The most interesting feature is that the Hadoop distributed file-system HDFS is setup on the low-latency local flash drives, one of the distinctive features of Gordon.
Using Python with Hadoop-streaming
Hadoop applications run natively in Java, however thanks to Hadoop-streaming, we can use stdin and stdout to communicate with a script implemented in any programming language.
One of the most common choices for scientific applications is Python.
Best way to decrease the coupling between different parallel jobs for this application is, instead of analyzing one source at a time, analyze a patch of sky at a time, and loop through all the sources in that region.
Therefore the largest amount data, the sky map, is only read once by a process, and all the sources are processed. I pre-process the sky map by splitting it in 10x10 degrees patches, saving a 2 columns array with pixel index and map temperature ( preprocessing.py ).
Of course this will produce jobs whose length might be very different, due to the different effective sky area at poles and at equator, and by random number of source per patch, but that's something we do not worry about, that is exactly what Hadoop takes care of.
The pre-processed patches of sky are available in binary format on a lustre file-system shared by the processes.
Therefore the text input files for the hadoop jobs are just the list of filenames of the sky patches, one per row.
The mapper is fed by Hadoop via stdin with a number of lines extracted from the input files and returns a (key, value) text output for each source and for each statistics we compute on the source.
In this simple scenario, the only returned key printed to stdout is "SOURCENAME_10arcminmean".

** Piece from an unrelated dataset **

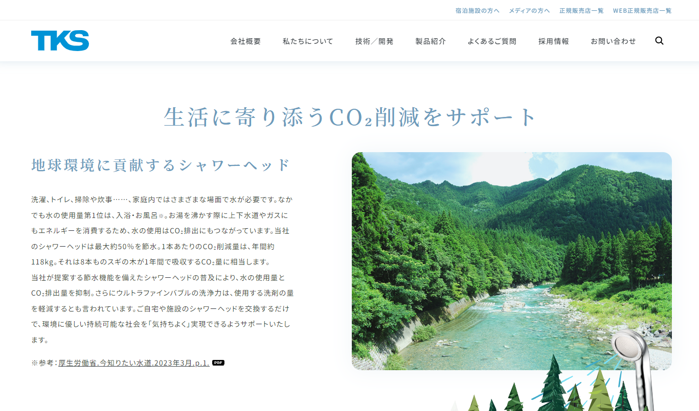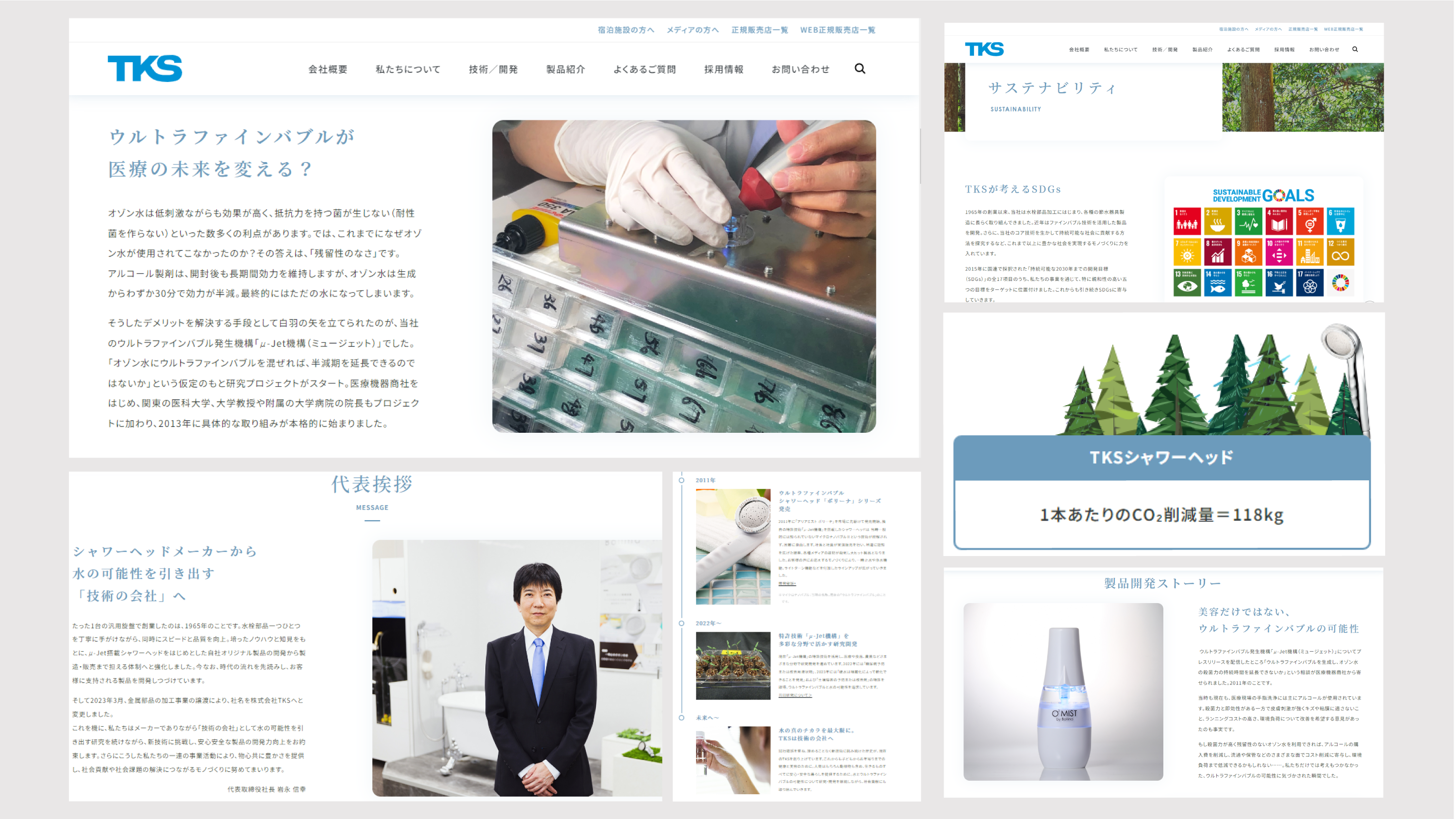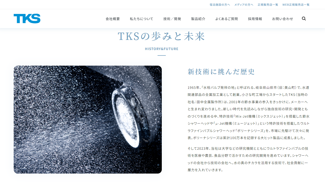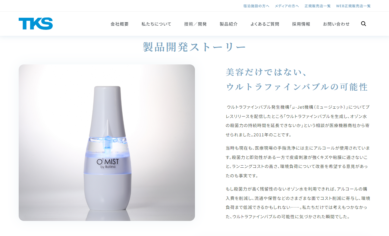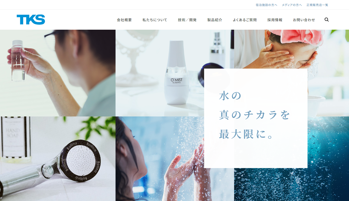 「技術の会社、TKS。TKSの強みは、イノベーションと歴史にあります。赤ちゃんからご高齢の方までの健康と美容のために。人間はもちろん動植物も含め、生きるものすべてに安心・安全な暮らしを提供するために。水とウルトラファインバブルの可能性について研究・開発するとともに、すべての人にちょうどいいものづくりに真摯に取り組んでいます。」

For example, we can run a serial test by running:
echo plancktest/submaps/030_045_025 | ./mapper.py
and the returned output is:
PCCS1 030 G023.00+40.77_10arcminmean 4.49202e-04
PCCS1 030 G023.13+42.14_10arcminmean 3.37773e-04
PCCS1 030 G023.84+45.26_10arcminmean 4.69427e-04
PCCS1 030 G024.32+48.81_10arcminmean 3.79832e-04
PCCS1 030 G029.42+43.41_10arcminmean 4.11600e-04
There is no need for a reducer in this scenario, so Hadoop will just use the default IdentityReducer, which just aggregates all the mappers outputs to a single output file.
The hadoop call is:
$HADOOP_HOME/bin/hadoop --config $HADOOP_CONF_DIR jar $HADOOP_HOME/contrib/streaming/hadoop*streaming*.jar -file $FOLDER/mapper.py -mapper $FOLDER/mapper.py -input /user/$USER/Input/* -output /user/$USER/Output
So we are using the Hadoop-streaming interface and providing just the mapper, the input text files (list of sources) had been already copied to HDFS, the output needs then to be copied from HDFS to the local file-system, see run.pbs.
Hadoop run and results
For testing purposes we have just used 2 of the 9 maps (30 and 70 GHz), and processed all the total of ~2000 sources running Hadoop on 4 nodes.
Processing takes about 5 minutes, Hadoop automatically chooses the number of mappers, and in this case only uses 2 mappers, as I think it reserves a couple of nodes to run the Scheduler and auxiliary processes.
The outputs of the mappers are then joined, sorted and written on a single file, see the output file
See the full log sample_logs.txt extracted running:
/opt/hadoop/bin/hadoop job -history output
Comparison of the results with the catalog
Just for a rough consistency check, I compared the normalized temperatures computed with Hadoop using just the mean of the pixels in a radius of 10 arcmin to the fluxes computed by the Planck collaboration. I find a general agreement with the expected noise excess.
The advantage of using Hadoop is mainly the scalability, this same setup could be used on AWS or Cloudera using hundreds of nodes. All the complexity of scaling is managed by Hadoop.
The main concern is related to loading the data, in a HPC supercomputer it is easy to load directly from a high-performance shared disk, in a cloud environment instead we might opt for a similar setup loading data from S3, but the best would be to use Hadoop itself and stream the data to the mapper in the input files. This is complicated by the fact that Hadoop-streaming only supports text and not binary, the options would be either find a way to pack the binary data in a text file or use Hadoop-pipes instead of Hadoop-streaming.